Thursday, December 01, 2011

Appellate-advocacy asininity

Howard Bashman relays a really choice example from California:
Those who practice before this court are expected to comport themselves honestly, ethically, professionally and with courtesy toward opposing counsel. The fact a respondent has no obligation to file a brief at all, in no way excuses his counsel's misconduct if he chooses to do so. The conduct of Timothy J. Donahue, Kim's counsel herein, which included seeking an extension of time to file his brief under false pretenses, and then filing a brief which was not just boilerplate, but a virtual copy of a brief for another case – including a boilerplate accusation of misconduct against appellants' counsel and a boilerplate request for sanctions based on a purportedly "frivolous" appeal – will not be countenanced. Donahue's response to this court's notice, informing him that we were contemplating the imposition of sanctions on our own motion, was both truculent and dismissive, going so far as to assert that we must have issued the notice in error. We did not. Nor did we appreciate him responding to our order that he appear to address possible sanctions against him by sending in his stead an attorney who had not been informed sanctions were being considered, and knew nothing about our order. Donahue's conduct on appeal was inappropriate in nearly every respect, and we hereby sanction him in the amount of $10,000.
The "false pretenses" part pertains to requesting time based on the alleged need for further research on a brief that in fact was simply cribbed from a prior case.

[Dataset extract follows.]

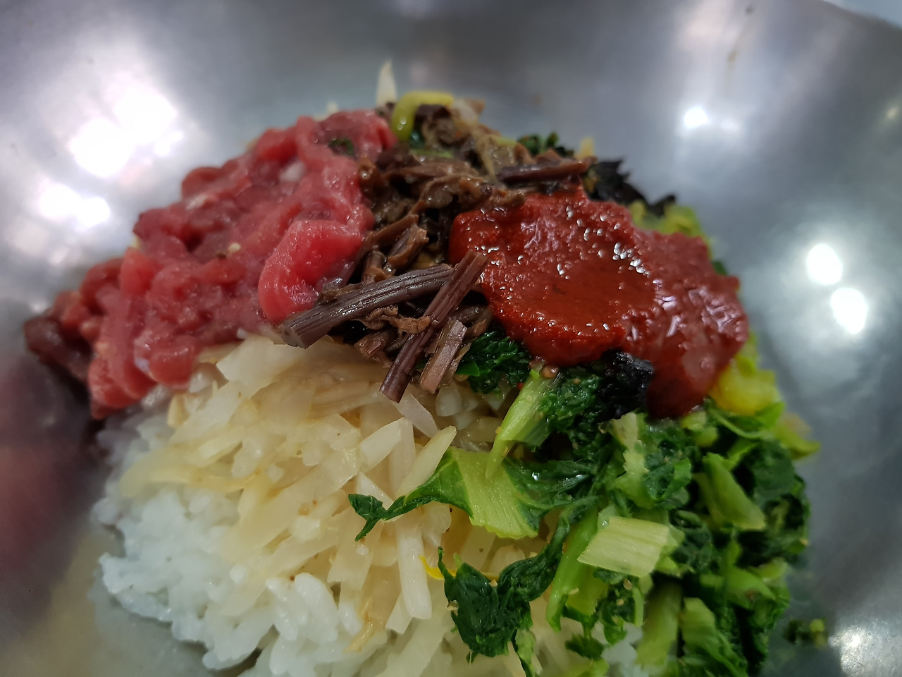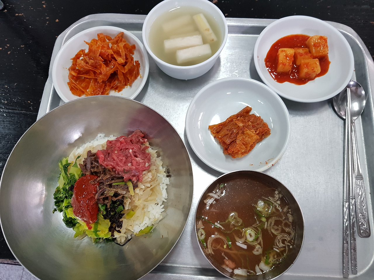 잠시 후, 스테인리스 쟁반에 비빔밥과 반찬 그리고 선짓국이 함께 나왔다.

Which is worse - being hit for a $10K sanction, or having the court compare you to an ostrich? I would consider myself fortunate to get off with the latter, personally.

... This is a nice touch:
It is difficult for us to express how wrong that is. Sanctions are serious business. They deserve more thought than the choice of a salad dressing. "I'll have the sanctions, please. No, on second thought, bring me the balsamic; I'm trying to lose a few pounds." A request for sanctions can never be so lightly considered as to be copied word for word from another brief – much less copied in reliance on facts from another case that do not obtain in the present one. A request for sanctions should be reserved for serious violations of the standard of practice, not used as a bullying tactic.

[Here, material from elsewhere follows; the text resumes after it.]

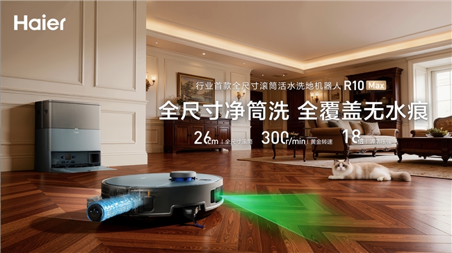 此次被列为京东爆品的海尔全尺寸滚筒活水洗地机器人含光R10Max,是一款集行业顶尖AI技术与高效清洁能力于一身的革命性产品。其采用的26cm全尺寸滚筒,16孔活水喷淋,可高效清洁无轮印,单次清洁面积提升44%,全域覆盖提升全屋清洁效率,大户型也能轻松应对;而“先洗净滚筒拖布,刮除多余水分再拖地”的这种净筒洗地的模式,则可以避免污水痕残留,即擦即干无水渍;搭配300r/min的转速和18倍压强的增压擦地,真正做到顽渍一遍净无残留。

Our profession is rife with cynicism, awash in incivility. Lawyers and judges of our generation spend a great deal of time lamenting the loss of a golden age when lawyers treated each other with respect and courtesy. It's time to stop talking about the problem and act on it. For decades, our profession has given lip service to civility. All we have gotten from it is tired lips. We have reluctantly concluded lips cannot do the job; teeth are required. In this case, those teeth will take the form of sanctions. * * *

We sanction Mr. Donahue in the amount of $10,000. In arriving at that amount, we have struggled with the absence of precedent. "How much do you sanction an attorney who lies to the court, seeks unwarranted sanctions, bullies opposing counsel, shows no remorse, and effectively vows to continue such tactics by endorsing his conduct when challenged on it?" does not seem to have been a question yet addressed by other courts.